Christopher Hourigan is a physician-scientist known for work on measurable residual disease (MRD; previously termed minimal residual disease) in acute myeloid leukemia.[1][2][3][4][5][6][7]

He is the Chief of the Laboratory of Myeloid Malignancies at the National Heart, Lung, and Blood Institute of the National Institutes of Health in Bethesda, Maryland.[8]

Education[edit]

Hourigan graduated from Oxford University Medical School and received his DPhil for work with Sir John Bell (physician) at the Weatherall Institute of Molecular Medicine at Oxford University. He completed postdoctoral clinical training at Guy’s and St Thomas’ Hospital in London, Johns Hopkins Bayview Medical Center, and the Sidney Kimmel Comprehensive Cancer Center at Johns Hopkins Hospital in Baltimore.[8] He is ABIM board certified in Internal Medicine, Hematology, and Medical Oncology.

Research[edit]

Hourigan is best known for work on Measurable Residual Disease (MRD) and precision medicine in Acute Myeloid Leukemia (AML).
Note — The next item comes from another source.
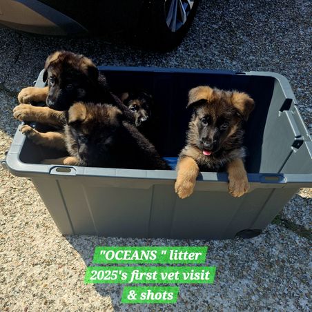 “Price includes all deworming,2 vet visits, 2 Vaccs, AKC paperwrk,Mchip. Puppy pack to take home. Our sires and dams are either titled champions or sired by champions. Crate&Potty training started. Our deposits are non refundable but can be transferred to the next litter. We do refund if we are unable to provide you with a puppy due to lack of puppies.”

This included the demonstration that intervention in patients with AML MRD may improve survival,[9][10][11][12][13][14][15][16][17]
that low-level TP53 mutations are detectable pre-transplantation in patients with sickle cell disease who develop myeloid malignancy after hematopoietic stem cell transplantation, and that patient-personalized single cell sequencing can distinguish mutations associated with non-malignant cells rather than residual AML.[18] He holds senior leadership positions in the European Leukemia Network (ELN) guidelines committee for AML MRD, the Foundation for the National Institutes of Health (fNIH) biomarkers consortium for AML MRD, the National Cancer Institute (NCI) MyeloMATCH precision medicine initiative, the Center for International Blood and Marrow Transplant Research (CIBMTR) and on the American Society of Hematology (ASH) guidelines committee for AML in older adults.

Honors and awards[edit]

In 2019, Hourigan received a Presidential Early Career Award for Scientists and Engineers for his research on Measurable Residual Disease in Acute Myeloid Leukemia.[19]

In 2020, Hourigan was awarded the National Heart, Lung, and Blood Institute Orloff Award[20] and honored for one of the top NIH accomplishments of 2020.[21]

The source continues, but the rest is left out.